▸ EXERCISE
Below, some lines carry pictures; leave those pictures out and retype exactly the lines from the one with "Tonteki Set (Kobe" through the one with "Make your Orgasmic".

□ □ □

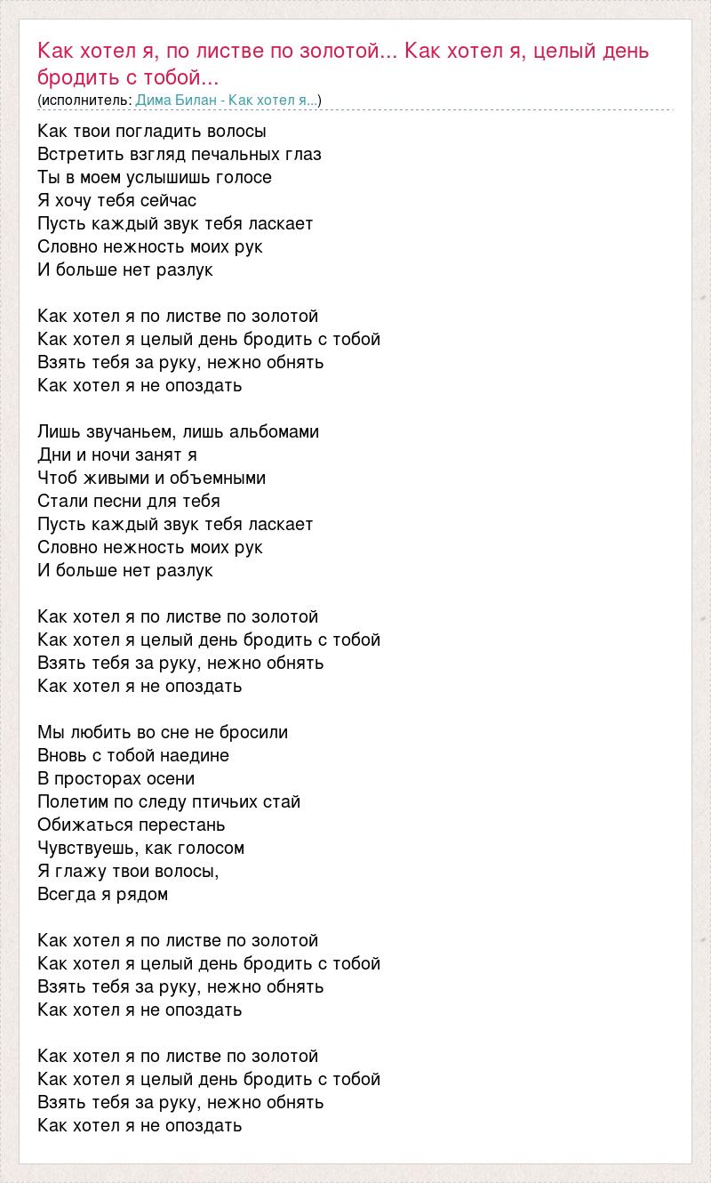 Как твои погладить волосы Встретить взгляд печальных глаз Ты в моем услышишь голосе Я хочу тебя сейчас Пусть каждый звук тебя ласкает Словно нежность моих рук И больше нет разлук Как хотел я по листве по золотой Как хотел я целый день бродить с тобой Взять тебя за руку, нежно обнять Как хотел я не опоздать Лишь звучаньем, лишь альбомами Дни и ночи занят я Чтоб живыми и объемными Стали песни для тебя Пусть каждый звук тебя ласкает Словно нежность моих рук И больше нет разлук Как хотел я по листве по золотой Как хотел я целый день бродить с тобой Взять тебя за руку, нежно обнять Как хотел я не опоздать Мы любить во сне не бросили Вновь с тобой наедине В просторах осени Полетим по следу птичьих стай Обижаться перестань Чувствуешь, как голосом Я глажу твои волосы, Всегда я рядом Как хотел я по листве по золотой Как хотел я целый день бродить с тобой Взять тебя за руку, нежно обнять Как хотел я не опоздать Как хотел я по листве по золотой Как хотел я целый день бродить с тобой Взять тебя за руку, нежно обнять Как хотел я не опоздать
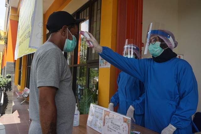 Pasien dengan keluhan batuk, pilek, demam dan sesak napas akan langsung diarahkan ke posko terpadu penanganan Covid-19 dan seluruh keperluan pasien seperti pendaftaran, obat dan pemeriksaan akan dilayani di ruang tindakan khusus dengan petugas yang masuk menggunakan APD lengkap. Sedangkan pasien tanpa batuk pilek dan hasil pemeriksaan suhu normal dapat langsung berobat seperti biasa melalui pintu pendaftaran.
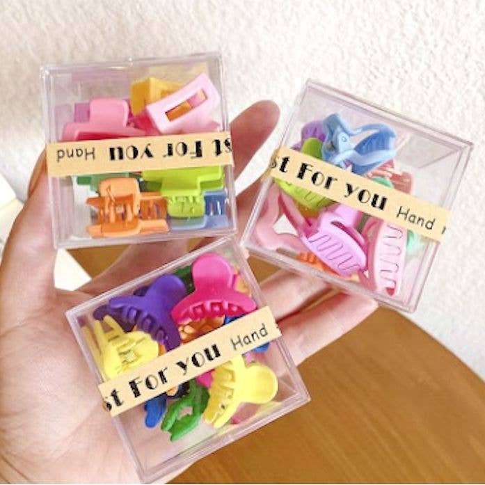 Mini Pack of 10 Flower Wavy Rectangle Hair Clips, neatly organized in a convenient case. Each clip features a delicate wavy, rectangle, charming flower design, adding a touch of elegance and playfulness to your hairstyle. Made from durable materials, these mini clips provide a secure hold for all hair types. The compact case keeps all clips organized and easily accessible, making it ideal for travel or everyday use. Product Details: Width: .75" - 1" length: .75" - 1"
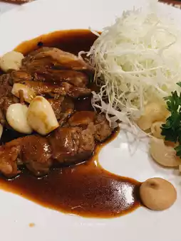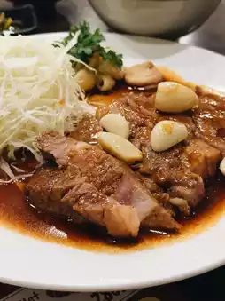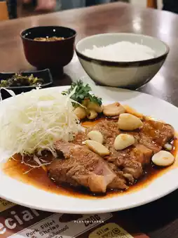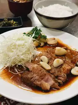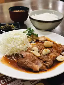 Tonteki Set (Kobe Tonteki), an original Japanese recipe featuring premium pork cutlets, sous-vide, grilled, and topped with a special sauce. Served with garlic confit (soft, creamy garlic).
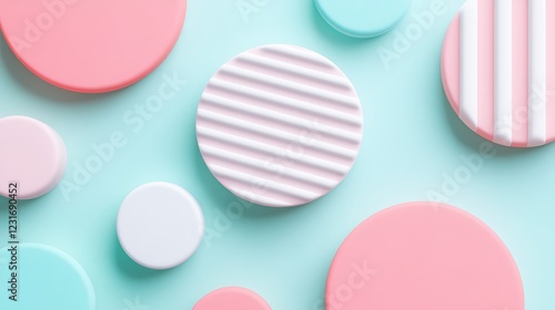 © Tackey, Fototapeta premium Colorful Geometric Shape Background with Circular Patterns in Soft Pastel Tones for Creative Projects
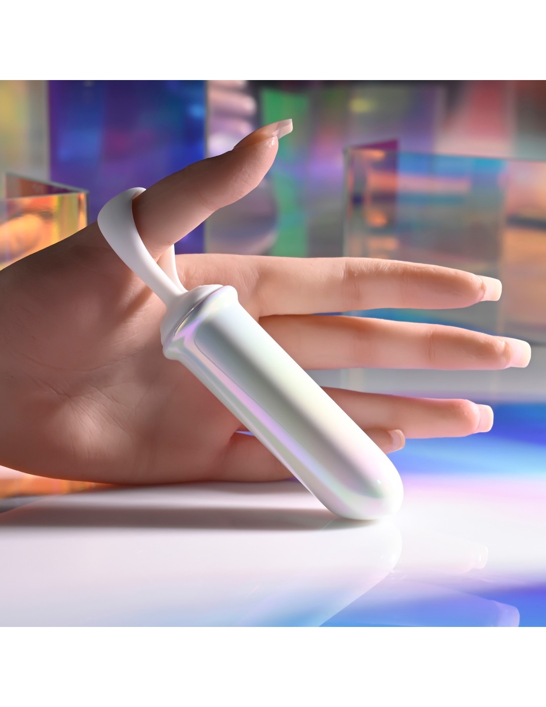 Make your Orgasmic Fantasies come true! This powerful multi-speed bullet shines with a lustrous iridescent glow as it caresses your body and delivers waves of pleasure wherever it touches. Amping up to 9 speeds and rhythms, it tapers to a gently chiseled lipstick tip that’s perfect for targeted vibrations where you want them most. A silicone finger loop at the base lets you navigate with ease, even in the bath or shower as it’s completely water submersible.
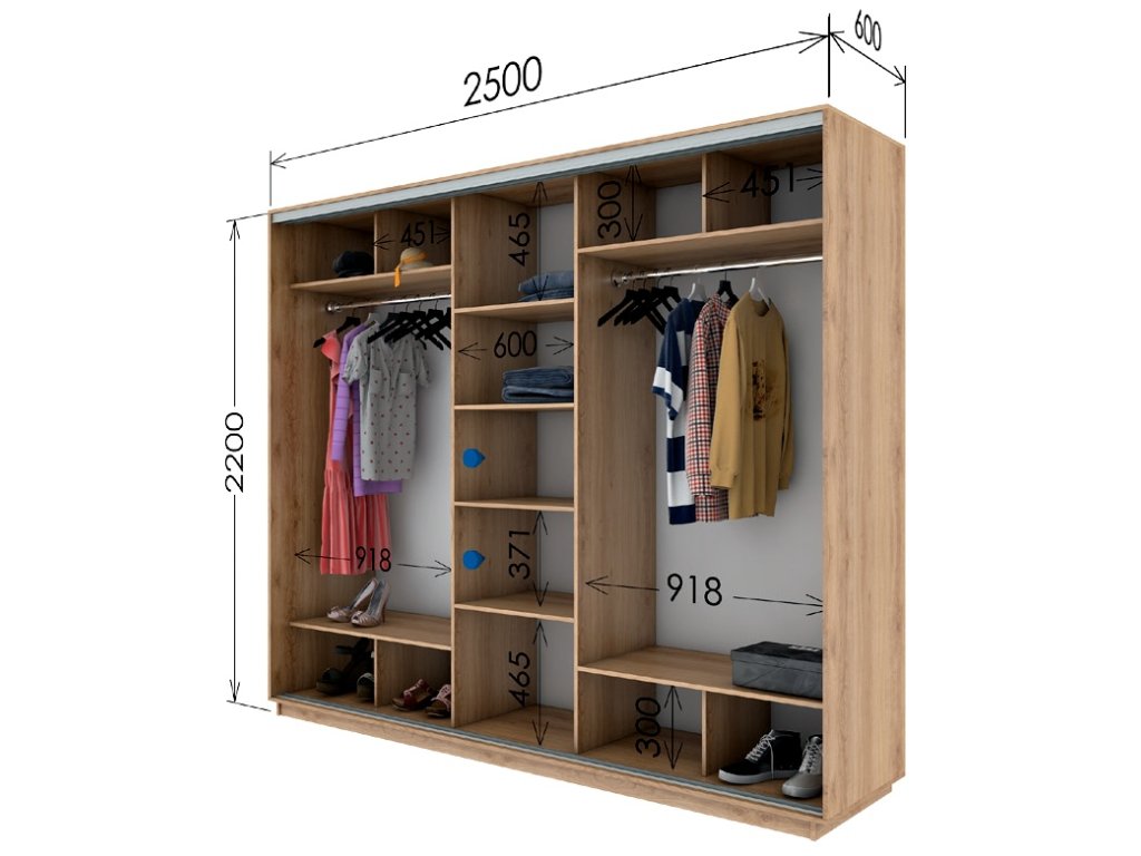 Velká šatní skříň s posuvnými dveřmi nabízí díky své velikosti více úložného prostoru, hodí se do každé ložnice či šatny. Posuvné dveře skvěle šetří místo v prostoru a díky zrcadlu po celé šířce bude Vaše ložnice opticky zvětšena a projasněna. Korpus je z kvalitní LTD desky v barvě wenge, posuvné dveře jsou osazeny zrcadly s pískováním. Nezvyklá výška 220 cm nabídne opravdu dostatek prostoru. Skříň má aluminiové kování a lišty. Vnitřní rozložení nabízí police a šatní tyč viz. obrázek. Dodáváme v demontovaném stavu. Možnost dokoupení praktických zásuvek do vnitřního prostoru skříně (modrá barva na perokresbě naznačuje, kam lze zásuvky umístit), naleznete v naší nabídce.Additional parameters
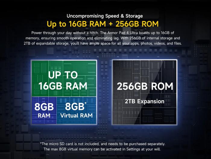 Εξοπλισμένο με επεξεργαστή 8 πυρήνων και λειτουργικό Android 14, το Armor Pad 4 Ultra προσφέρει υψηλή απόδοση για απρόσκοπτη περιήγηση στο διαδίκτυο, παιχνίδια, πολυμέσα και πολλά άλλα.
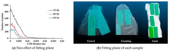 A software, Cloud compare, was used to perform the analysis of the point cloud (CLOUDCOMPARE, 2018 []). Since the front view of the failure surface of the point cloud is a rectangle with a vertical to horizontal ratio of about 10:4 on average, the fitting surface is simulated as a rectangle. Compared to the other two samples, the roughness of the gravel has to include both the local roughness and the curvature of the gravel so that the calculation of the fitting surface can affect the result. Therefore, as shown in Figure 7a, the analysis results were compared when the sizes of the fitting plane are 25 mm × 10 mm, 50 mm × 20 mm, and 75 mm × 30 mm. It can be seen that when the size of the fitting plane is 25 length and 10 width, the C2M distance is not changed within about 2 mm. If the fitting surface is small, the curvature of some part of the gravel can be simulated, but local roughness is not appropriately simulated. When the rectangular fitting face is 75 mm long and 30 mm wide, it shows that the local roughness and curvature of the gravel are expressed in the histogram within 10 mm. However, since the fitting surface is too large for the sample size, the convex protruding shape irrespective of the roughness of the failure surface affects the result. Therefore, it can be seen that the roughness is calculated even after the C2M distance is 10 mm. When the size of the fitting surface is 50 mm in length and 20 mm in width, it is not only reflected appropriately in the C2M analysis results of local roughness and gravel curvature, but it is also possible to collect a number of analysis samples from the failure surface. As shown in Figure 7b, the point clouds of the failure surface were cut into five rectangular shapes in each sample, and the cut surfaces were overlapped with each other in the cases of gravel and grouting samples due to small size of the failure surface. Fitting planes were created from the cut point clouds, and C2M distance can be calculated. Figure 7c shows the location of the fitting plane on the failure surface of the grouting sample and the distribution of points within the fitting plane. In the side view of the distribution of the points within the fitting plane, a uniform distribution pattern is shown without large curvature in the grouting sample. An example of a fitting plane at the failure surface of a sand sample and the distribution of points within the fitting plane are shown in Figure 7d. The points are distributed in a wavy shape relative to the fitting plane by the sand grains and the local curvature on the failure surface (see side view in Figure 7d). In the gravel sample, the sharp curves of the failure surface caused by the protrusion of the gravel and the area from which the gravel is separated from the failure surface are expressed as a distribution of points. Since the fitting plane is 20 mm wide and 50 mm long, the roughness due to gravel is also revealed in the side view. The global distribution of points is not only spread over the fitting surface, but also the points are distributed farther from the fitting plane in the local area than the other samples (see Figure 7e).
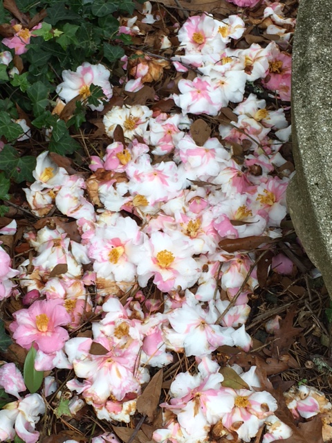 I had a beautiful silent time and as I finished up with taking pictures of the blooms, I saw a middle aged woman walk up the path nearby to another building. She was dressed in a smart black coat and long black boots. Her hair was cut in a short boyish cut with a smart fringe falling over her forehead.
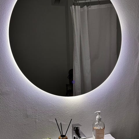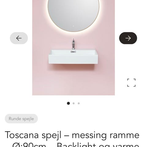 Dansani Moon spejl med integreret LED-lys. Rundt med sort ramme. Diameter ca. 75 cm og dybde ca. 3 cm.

□ □ □

▸ RESULT OF THIS EXERCISE
 Tonteki Set (Kobe Tonteki), an original Japanese recipe featuring premium pork cutlets, sous-vide, grilled, and topped with a special sauce. Served with garlic confit (soft, creamy garlic).
 © Tackey, Fototapeta premium Colorful Geometric Shape Background with Circular Patterns in Soft Pastel Tones for Creative Projects
 Make your Orgasmic Fantasies come true! This powerful multi-speed bullet shines with a lustrous iridescent glow as it caresses your body and delivers waves of pleasure wherever it touches. Amping up to 9 speeds and rhythms, it tapers to a gently chiseled lipstick tip that’s perfect for targeted vibrations where you want them most. A silicone finger loop at the base lets you navigate with ease, even in the bath or shower as it’s completely water submersible.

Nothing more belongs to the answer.